Unless of course we are talking about the 80 bit format.
If that's not the case, would be interested to know where they differ.
Unfortunately for the transcendental function the accuracy still hasn't been pinned down, especially since that's still an ongoing research problem.
There's been some great strides in figuring out the worst cases for binary floating point up to doubles so hopefully an upcoming standard will stipulate 0.5 ULP for transcendentals. But decimal floating point still has a long way to go.
The slowing down on Intel platforms has always frustrated me because denorms provide nice smoothing around 0.
At the same time it was nice only having to consider normal floating point when trying to get more accuracy out of calculations, etc.
Every 754 architecture (including SSE) I've worked on has an accurate sqrt().
I'm assuming you're talking about with "fast math" enabled? In which case all bets are off anyway!
Now, there is also often an approximate rsqrt and approximate reciprocal, with varying degrees of accuracy, and that can be "fun."
There was a paper last year on binary64 pow (https://inria.hal.science/hal-04159652/document) which suggests that they have a correctly-rounded pow implementation, but I don't have enough technical knowledge to assess the validity of the claim.
[1] https://inria.hal.science/inria-00072594/document
> There was a paper last year on binary64 pow (https://inria.hal.science/hal-04159652/document) which suggests that they have a correctly-rounded pow implementation, but I don't have enough technical knowledge to assess the validity of the claim.
Thank you for the pointer. These were written by usual folks you'd expect from such papers (e.g. Paul Zimmermann) so I believe they did achieve significant improvement.
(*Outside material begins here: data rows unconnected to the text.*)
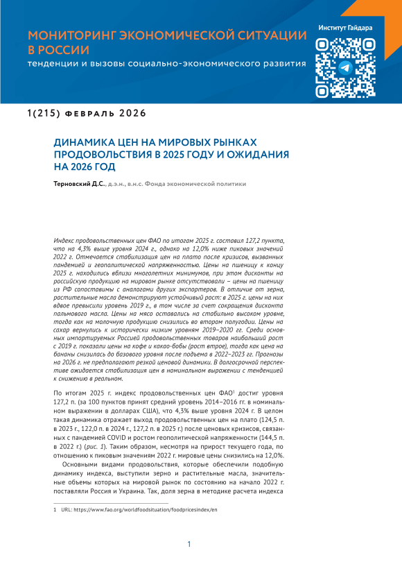 Текст научной статьи Динамика цен на мировых рынках продовольствия в 2025 году и ожидания на 2026 год
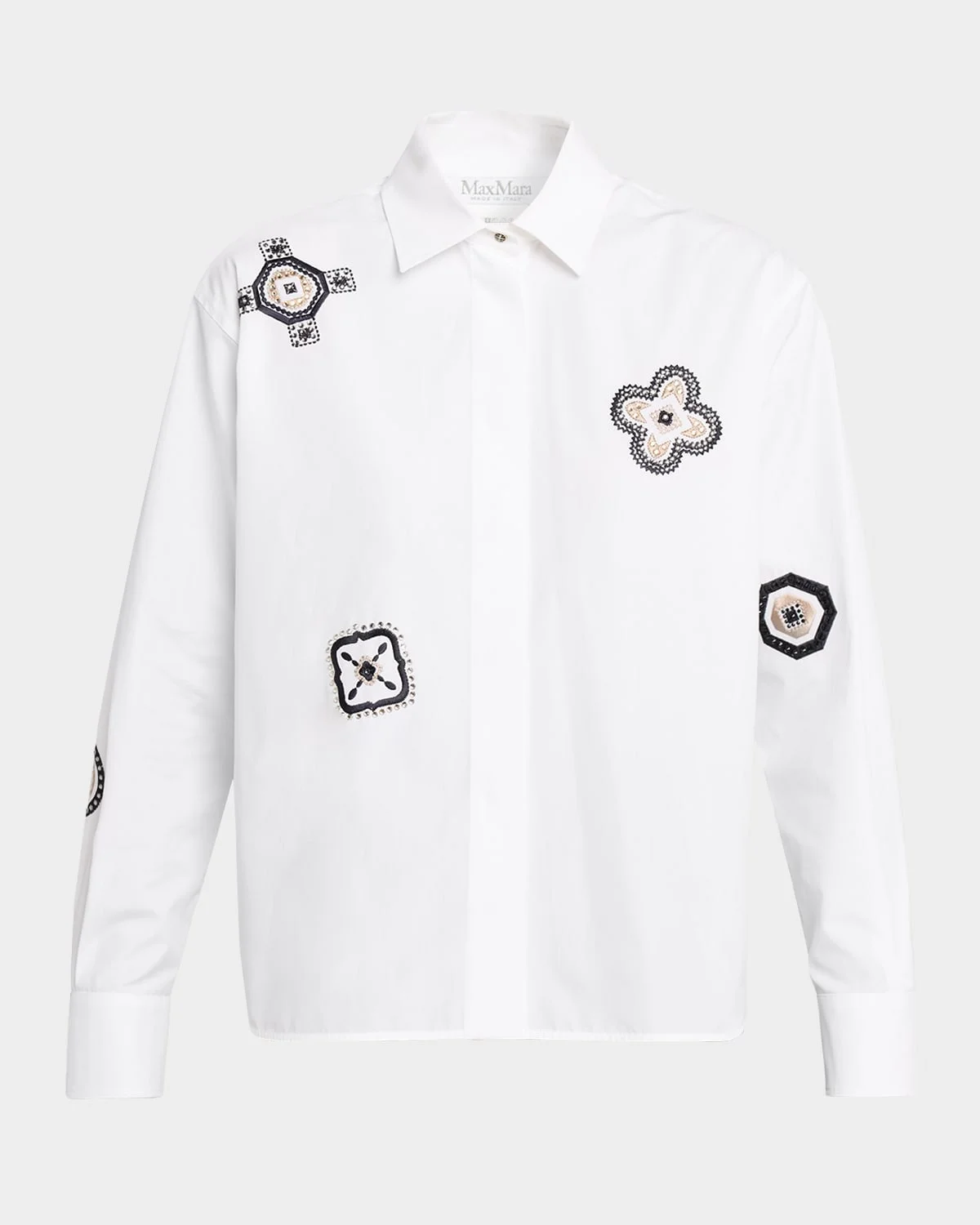 Max Mara & apos;s "Shock" shirt is cut from crisp cotton poplin decorated with rhinestone-embellished placed embroidery Spread collar Concealed button front Long sleeves Button cuffs Back yoke Rounded side slit hem Relaxed fit Cotton Dry clean, hand wash Made in Italy SIZE & FITModel measurements: 5 & apos;10" tallModel is wearing a US size 4/Small
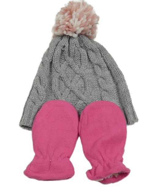 2set - Šedá pletená vzorovaná čepice + růžové fleecové rukavice
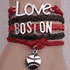 Here is a Boston Wrap Bracelet. The bracelet is Black and Red Color. The Bracelet is 6 1/2" long with a 2" extension chain. There is a silver color baseball charm on the bottom of the bracelet. There is a love charm on the top of the bracelet. In the middle of the bracelet there is silver color letter that say Boston. What a great bracelet to have if you are a Boston fan.

Unfortunately it is still not complete, the paper notes that the third and final phase may still fail but is unknown whether it indeed occurs or not. So we will have to wait...
Is this out of date?
https://developer.arm.com/documentation/den0018/a/NEON-Instr...
"Some times" here being almost all the time. It is rare that your code will break without denormals if it doesn't already have precision problems with them.
Or maybe the library you use...
FMAs were difficult. The Visual Studio compiler in particular didn't support purposeful FMAs for SSE instructions so you had to rely on the compiler to recognise and replace multiply-additions. Generally I want FMAs because they're more accurate but I want to control where they go.